The Christian faith is not a race. It is about a prize. The Christian faith is about running with focus, not running faster. It’s not about precise form, but perfect freedom.

Let’s take the text off of the T-shirt and remember the biblical context. Paul has been exhorting the Corinthians to leave behind their former way of life and to enter into the new life to which they have been called—the calling to be God’s holy people. To be clear, holiness does not mean religious behavior. It means something more like living in “the zone,” the place of glorious aliveness in the power of the Holy Spirit. This zone of the Holy Spirit-empowered life is much more like playing a game than grinding it out.

I have a sense these Christians in Corinth had lost sight of the big picture. All they could see was the salacious, seductive culture all around them. When we lose sight of the grand vision, we tend to succumb to the closest thing we can see. Remember when the freed Hebrew slaves wanted to go back to Egypt? They had lost sight of the vision. There’s a verse in Proverbs that says something like, “Where there is no vision, the people perish.” This text is a favorite of leaders who want people to follow their particular vision. That’s not what it means. It’s about the vision—the vision of God that has been revealed to us in Jesus Christ. Another common misunderstanding of the Christian faith comes when we think the prize is somehow at the end. If we run faster and try harder now we will surely win the prize at the end when we die or even later at the resurrection of the dead. To be sure, those will be major prize-winning days, but this is not what Paul is talking about.

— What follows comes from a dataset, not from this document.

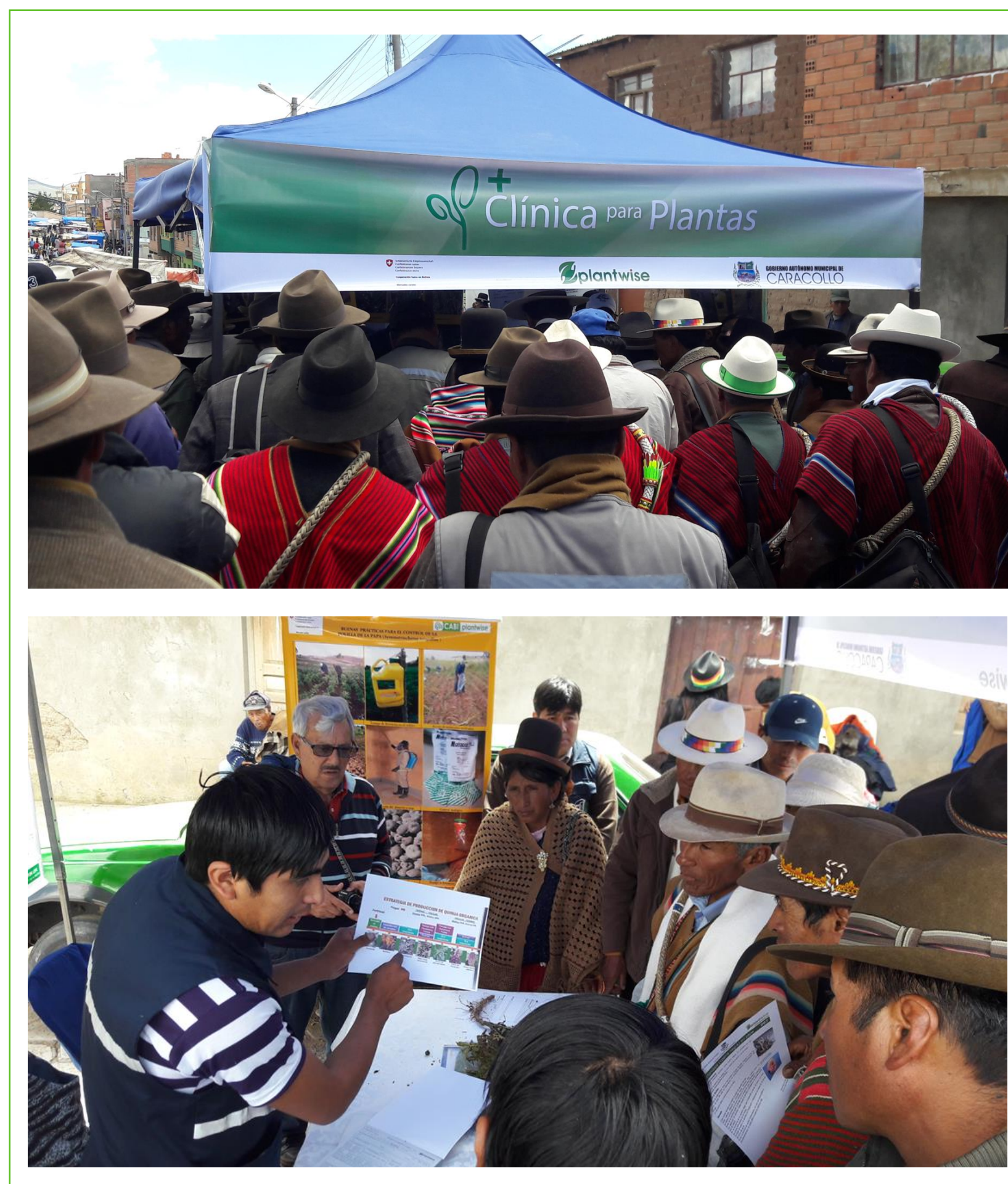
Figure 1, 2: Farmers attending Plant Clinic in Caracollo, Bolivia, bringing samples and getting the recommendation for control of the key problems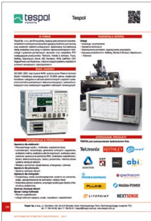
630 Euro full page company presentation

For Paul, and for us, the prize is Jesus. Because Jesus Christ has risen from the dead and ascended to the right hand of God and sent the promised Holy Spirit, the prize now exists in the present—right now. Paul is not hoping for a good outcome in the future. It’s hard to grasp this concept, but Paul is living in the present—from the future. To “run in such a way as to get the prize” means to live fully in the freedom of the Holy Spirit—right now; so much so that the grace of Jesus Christ becomes the palpable goodness of your everyday life and the life of Jesus becomes the power of your love for God and neighbor.

Paul is waving his arms about trying to get our attention as if to say, “People of God, this is real. This is now. Stop wasting your life on all of these things that promise life but only deliver death. Run in the new way of the Spirit. Run in the unconventional way of the cross. Run in the un-wearying way of the power of God.

Almost every time I write now I start with the thought that I can get it done in fewer words, yet by the time I’m to the end I just can’t stop. Today, I find myself running in the way I’m writing! Somebody stop me!


Our Father in heaven, hallowed be your name. Your kingdom come. Your will be done, on earth as it is in heaven. I am ready to lay down all my striving to run faster. I want to run instead with ever-deepening focus. Come, Holy Spirit, and help me run in the in the new way of the Spirit. Help me run in the unconventional way of the cross. Show me to run in the un-wearying way of the power of God. I pray in Jesus’ name, amen. 


1. Have you settled for a sophisticated substitute version of a prosperous life instead of the real life that comes through knowing Jesus Christ in the power of the Holy Spirit now?

2. It’s critically important to be honest with yourself. Have you accepted a version of the Christian faith that is more about trying harder to not sin and to do better, grinding it out and hoping it will all turn out okay in the end?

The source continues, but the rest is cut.